From one point of view I really like that change. But I find it getting more and more difficult to find pants which still fit. If I would do bodybuilding for a living, I would stay like I am. But I have an office job and have to wear pant suits from time to time. These clothes are definitely not tailored for strong women legs. :no:

Now I would love to keep the muscle in the upper body but shrink my thighs and glutes down to a level where I can wear most of my pants again.

Anybody has some tips on how I could achieve my "goal"?

Thanks everyone.


----------



## simonthepieman (Jun 11, 2012)

It's pretty difficult to do and I advise doing it 'deliberate'

Just avoid doing weights for you lower body and diet.

They more advanced approaches.
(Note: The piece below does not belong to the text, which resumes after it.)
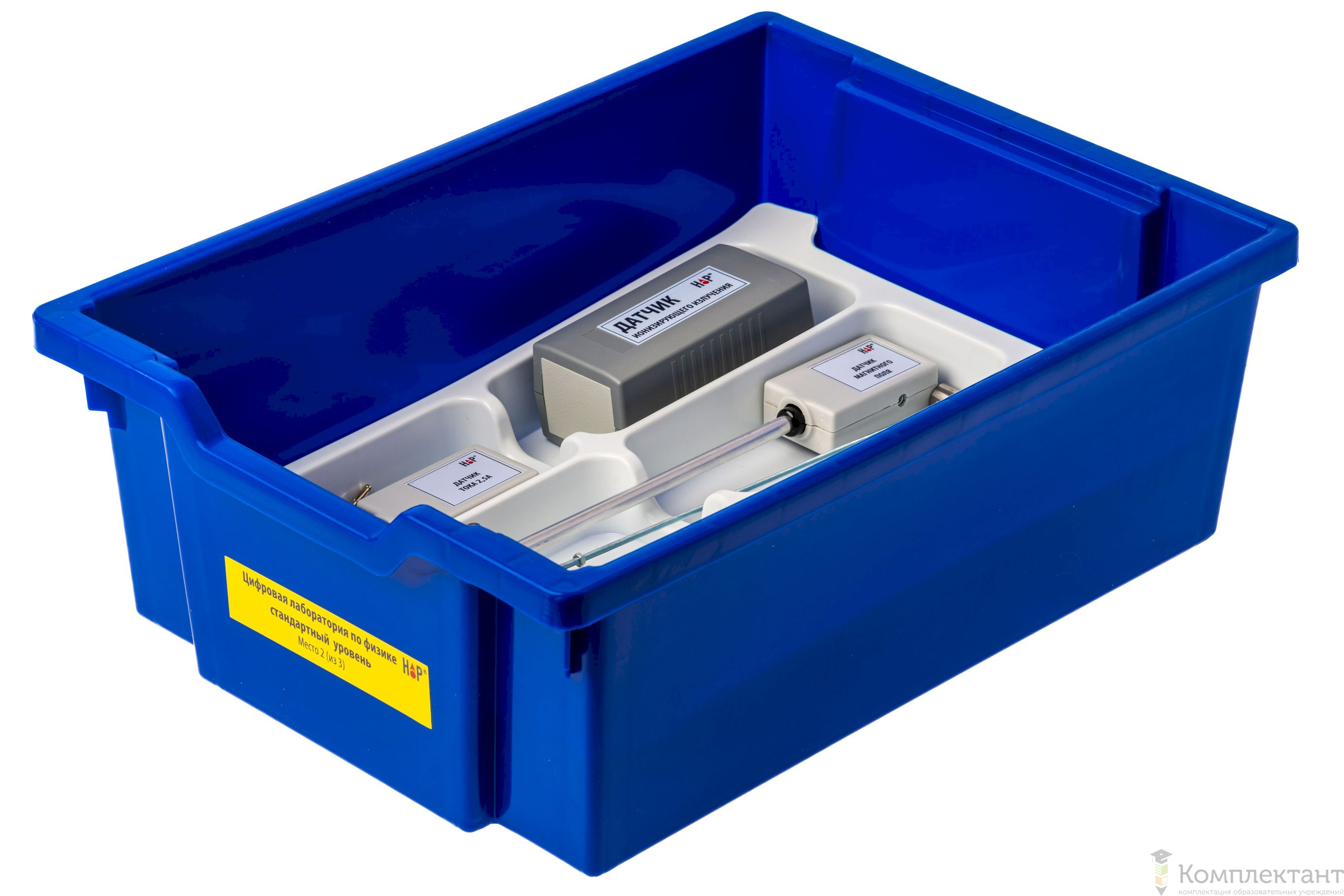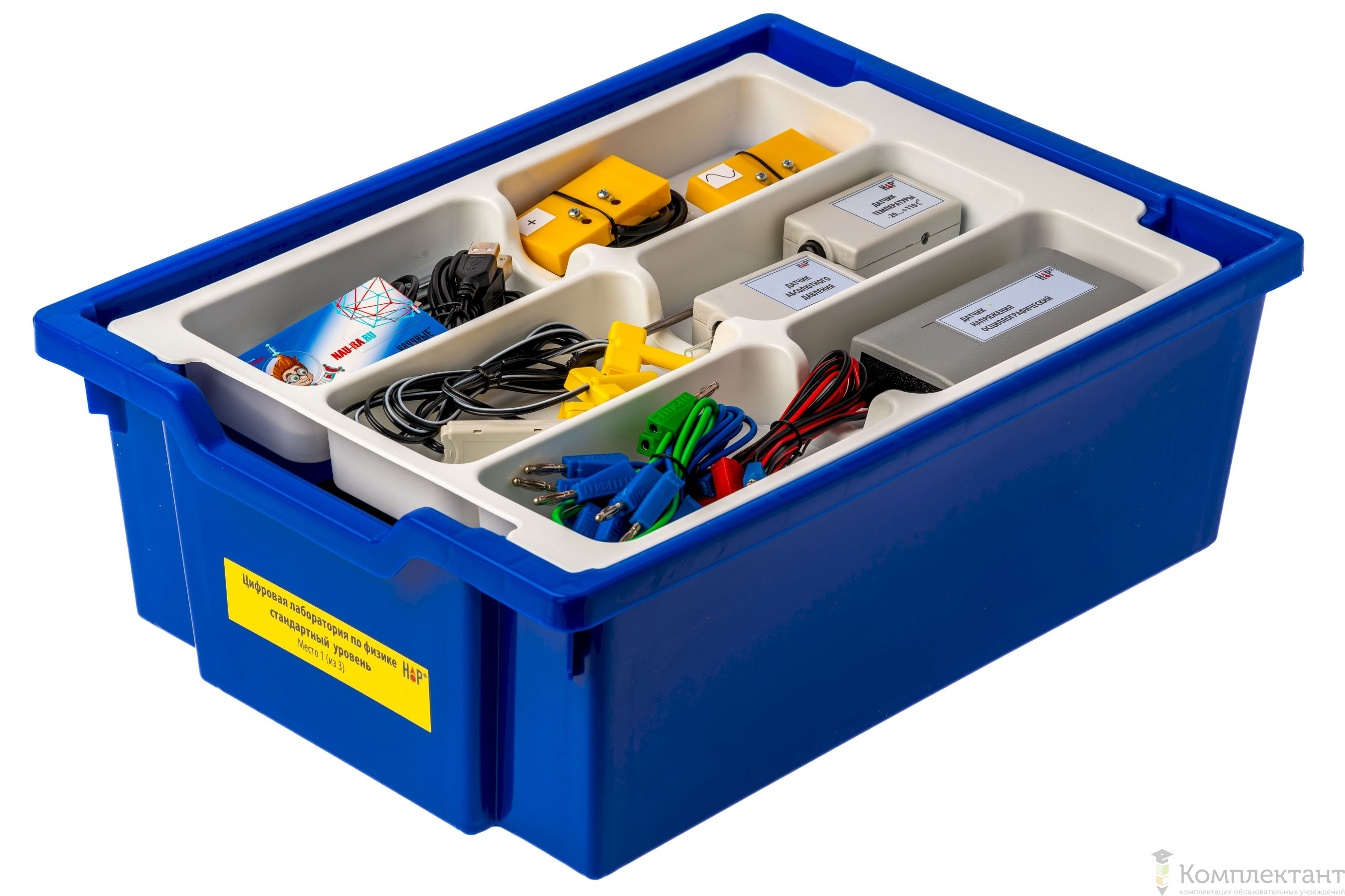 Все оборудование цифровой лаборатории (кроме скамьи лабораторной) укомплектовано в пластиковые системы хранения, которые закрываются прозрачной пластиковой крышкой на защелках для обеспечения наблюдения за содержимым. Комплект оборудования и датчики в системах хранения располагаются на ложементах в индивидуальных ячейках.

But they are unsubstantiated and will most likely end up causing more harm than good


----------



## MRSTRONG (Apr 18, 2009)

Any chance of uploading pictures ? It's an unusual problem tbh .


----------



## ausbuilt (Nov 22, 2010)

is this a serious post?? a skirt suit is just, if not more, acceptable than a pant suit, and problem solved. I also work in investment banking and wear Armani Suits to work- they enlarge the armholes, and take some of the hem thats cut from the pants to insert into the upper sleeve to allow room for my arms. The pants are recut taking in the seat, and waist, while leaving the legs... sound like a lot of work? it is!

the point is no "off the shelf" clothes fit a well trained body- my wife in the picture notices many one piece dresses (specially strapless) cant zip up owing to her back width, despite her being lean and not huge.
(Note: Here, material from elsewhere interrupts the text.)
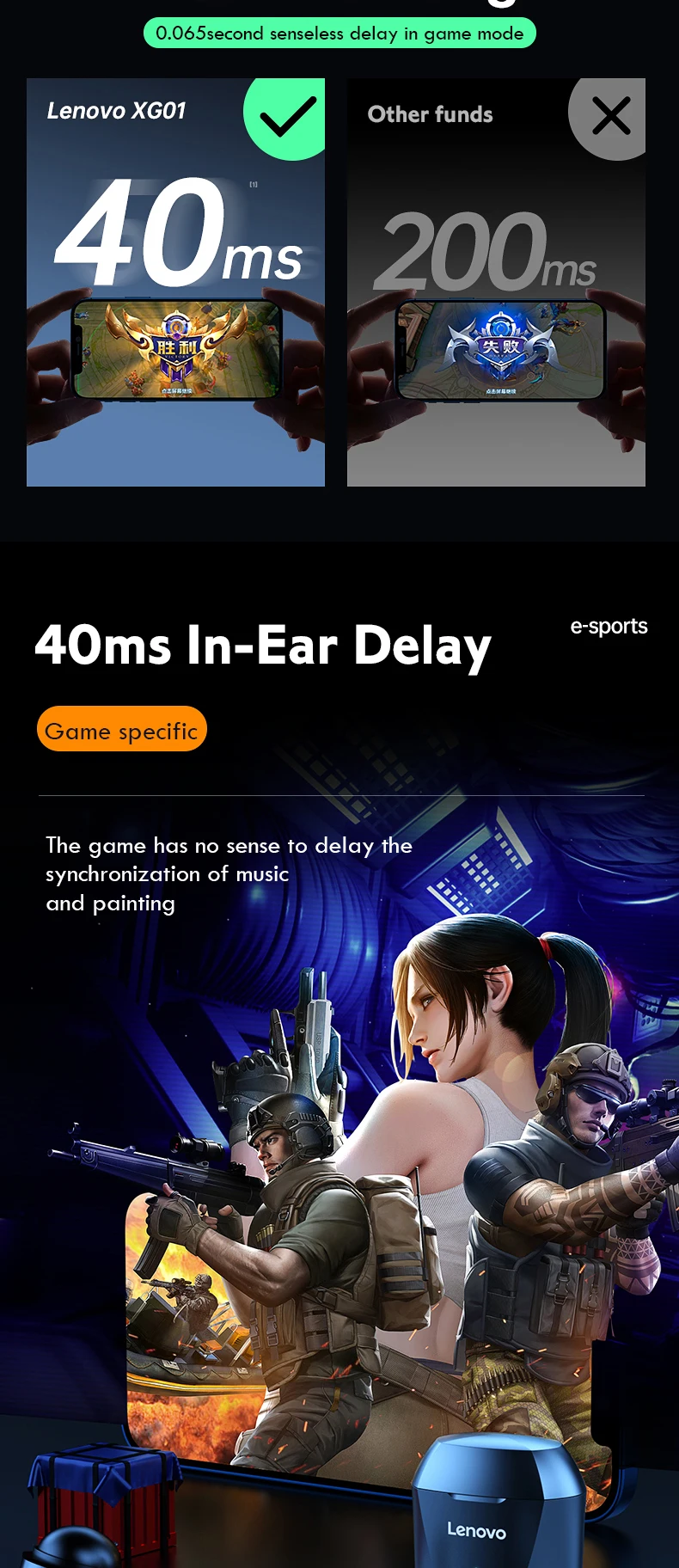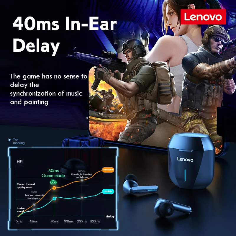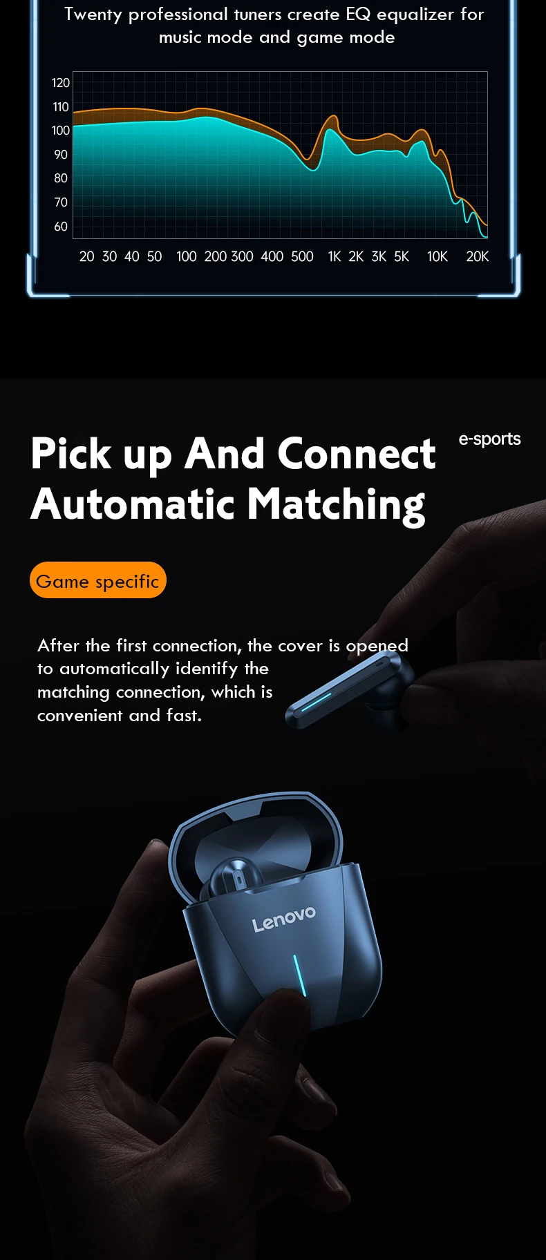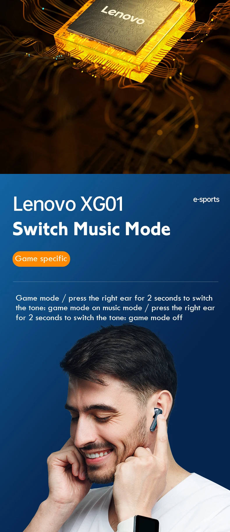 Lenovo XG01 Gaming Wireless Headphones TWS Bluetooth Earphones Game Headsets 9D HIFI Stereo Earbuds Low-latency with Mic Headset

However, if you really are so blessed that its muscle and not fat in your thighs causing the problem, I'd suggest lowing your gear dosage a bit, and doing legs 2-3x week, high volume (12-15 reps) 5x sets per exercise. It burns cals, and since you never hit them heavy, the muscle size will reduce over time.


----------



## 2H3ENCH4U (May 23, 2012)

Just buy bigger clothes, simple !

Dont lose what you've worked hard to gain, athletic legs are srsly hot on women.


----------



## summerflower (Jul 2, 2012)

Hi again.

Thanks for all the answers so far. Yes, it is a serious post. I knew some people would question the seriousness of my posting but it really is a problem for me.

I also love (no kidding!) the legs I have but I don't have all the money to buy loads of new clothing. I just don't have the finance to put my passion above the rest of my life and my job. As a result, I see no other option than to slim down the size of my thighs and glutes again.

I used to work out the legs mostly with compound exercises using heavy weights. Rep range mostly 10-15. When I started I easily fit into my size 29 jeans. This was 2-3 years ago. For about 9 months now I don't fit into this pants anymore. Same with my business clothing which mostly has elastane in it but my thighs look like tree trunks. I use to alternate calories and by that, I stay lean throughout the year. Also, I usually see my abs all the time during the year and when I flex my thighs and butt, they feel like granite.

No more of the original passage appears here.